After playing WOMAD festivals all over the world, Dutch-New Zealand trio My Baby make their WOMADelaide debut in 2019.
My Baby is a trio made up of Dutch siblings Cato and Joost Sheik van Dijck, and long-time New Zealand friend Daniel 'Da Freez' Johnston who together play an eclectic fusion of '70s funk, desert blues, Moroccan Gnawa and Indian raga, with a touch of EDM all informed by gospel and blues. “We are very happy to be playing WOMADelaide this year,” Cato says.
“It's been on our list for a long time, and especially since we played WOMAD in the UK this summer – it was such a wonderful experience with music lovers, very attentive audiences and a very warm welcome. From WOMAD UK this summer we were thinking it would be great to do the other WOMADs and WOMADelaide as well.”
My Baby released their fourth full-length album 'Mounaiki' in October, a record that further develops the identity of the band's phantom muse 'My Baby' that has featured across their discography. “'Mounaiki' is the spirit name that the character gets and… the funny thing is she gets that name already on the previous album, so it's kind of a pre-echo the name 'Mounaiki',” Cato explains.
“On all of our records before this there's already a little story about a character, and for this record we really decided to work it out a bit more and write a larger story about the character. It's a concept album... on 'Prehistoric Rhythms', our previous album, she gets the spirit name 'Mounaiki' and that's why we decided to call her that from now on.”

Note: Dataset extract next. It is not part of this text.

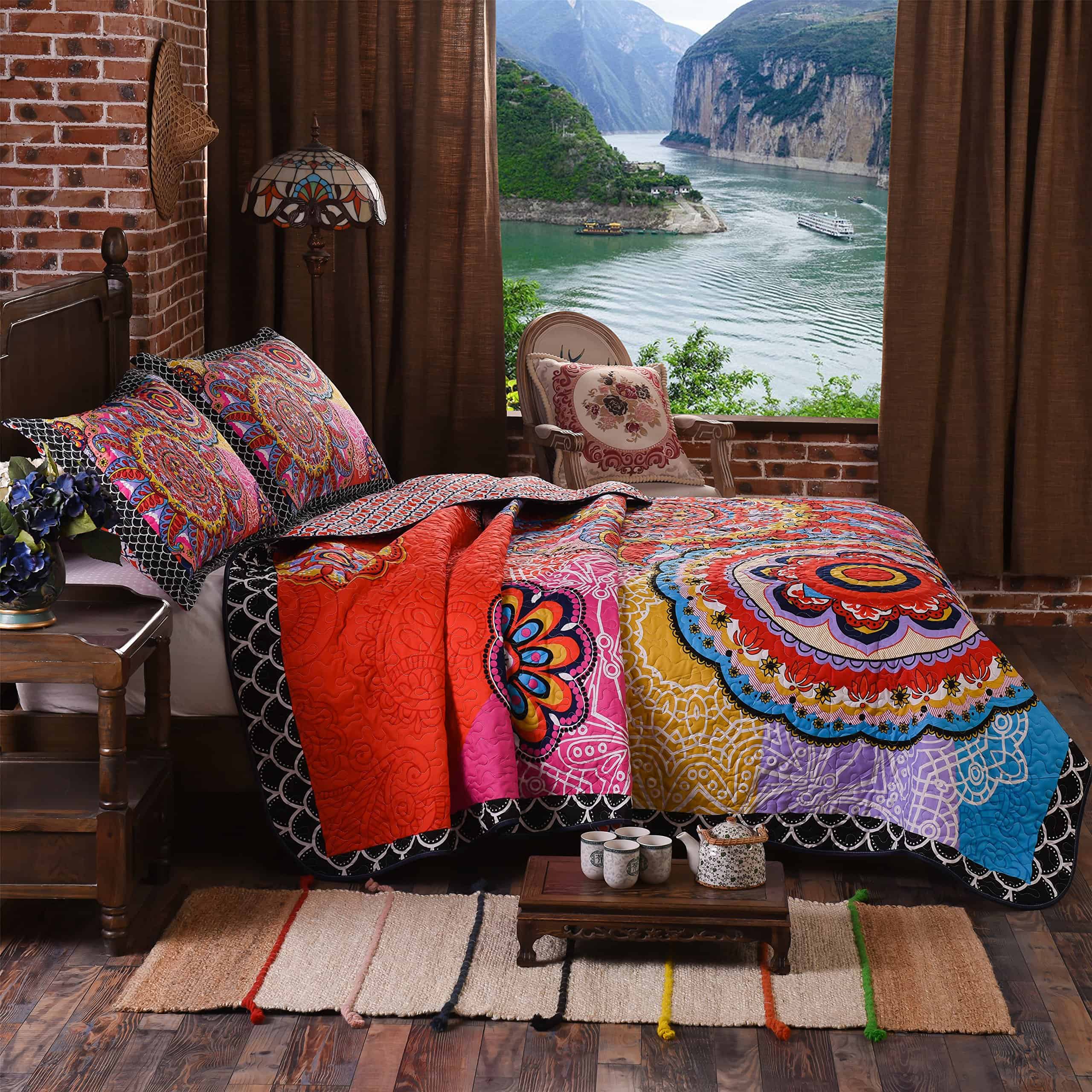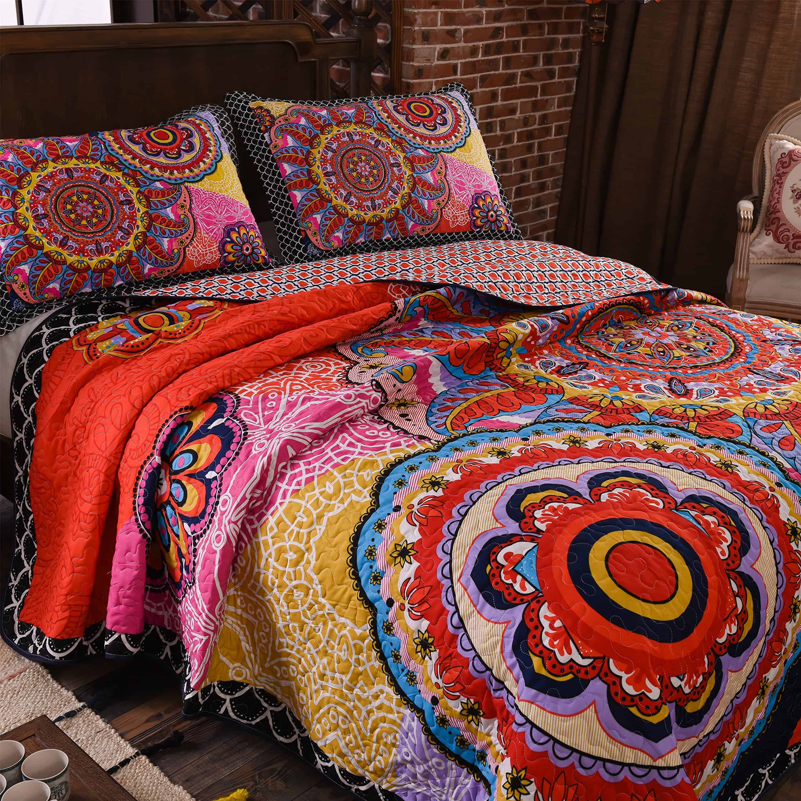 1. Lo que puedes obtener – 1 x juego de edredón (98 x 90 pulgadas), 2 x fundas de almohada (27 x 20 pulgadas). El juego de edredón es reversible, ambos lados se pueden usar individualmente. Este edredón naranja está hecho de material de alta calidad con un diseño vibrante de bohemia, lo que lo hace cómodo y decorativo. Hay muchas formas en las que se pueden utilizar estos edredones. Puedes superponerlo para agregar profundidad, o simplemente puedes usarlo por sí solo, son ligeros y no se sienten pesados. El edredón tiene costuras ajustadas y te durará mucho tiempo. 2. Decoración Mandala Estilo Boho – ¡Queremos que duermas con estilo y comodidad, la decoración nunca ha sido tan simple! Nuestro juego de edredón premium está diseñado para ser bohemio con una impresión exquisita que combina múltiples elementos y colores vibrantes, agregando estilo bohemio a tu espacio, una forma fácil de animar tu espacio, puedes tener un dormitorio colorido y animado. Te encantará meterte en la cama cada noche sabiendo que compraste el juego de cubrecama perfecto. 3. Calidez y Personalidad – Un edredón está compuesto por tres capas: una tela tejida en la parte superior, una capa de relleno y una tela tejida en la parte posterior, combinadas utilizando la técnica de acolchado, el proceso de coser las tres capas juntas. Los edredones solían ser utilizados como cubrecamas, y este uso persiste en la actualidad mientras que la artesanía también está volviéndose cada vez más importante. Actualiza tu espacio con este juego de edredón reversible para un aspecto bohemio. Este patrón único presenta medallones florales en flor acentuados y motivos de cuadros naranjas. 4. Tejido Premium – Nuestro juego de cubrecama está tejido con el material de microfibra de más alta calidad, la sensación de la tela es como el algodón percal (no es algodón) y continuará suavizándose con cada lavado. Crea una experiencia de sueño serena, dejándote una sensación de suavidad y comodidad supremas. Nuestros juegos de edredón son resistentes a la decoloración y a la formación de bolitas. Saldrán de la secadora luciendo frescos cada vez. Y sí, también son resistentes a las arrugas. 5. IDEA DE REGALO ÚNICA – Si estás buscando algo como regalo de Navidad, Año Nuevo, Vacaciones, Cumpleaños para tu mamá, papá, hermana, hermano, abuela, abuelo, esposa, esposo, hijo, hija y todos los demás seres queridos, este juego de edredón es una opción absolutamente magnífica.

The 'Mounaiki' album explores the narratology of 'the hero's journey' or 'monomyth' in which the hero is called to action and embarks on a journey, overcomes adversity and returns a changed person. “We already worked with 'the hero's journey' a bit in our live show at some point,” Cato says.
“There's a journey we always like to take people on and 'the hero's journey' obviously already did a lot for story-writing in the past, so it's something you can hold on to. It goes through a journey as a rite of passage to break out of this normal environment [to] go on a journey and meets the bad characters that guide him or her on the way. It's been always in our heads and we always took inspiration from this character.”
By working with a recurring character within the framework of existing narratology, Cato says she and her bandmates can make music from outside their own spheres of personal experience. “Being a three-piece band, sometimes we don't really want to tell our personal stories, we just want to take something [from] outside the three of us that we can all relate to,” she says.
Cato goes on to describe the character of 'My Baby' or 'Mounaiki' as “a girl in the '70s fantasising about being a flapper girl and dancer in the '20s.
“She's a girl who is going on adventures, looking for equality in life and looking for a higher purpose. It's nice to have a character that wants to find out things and you can write about.”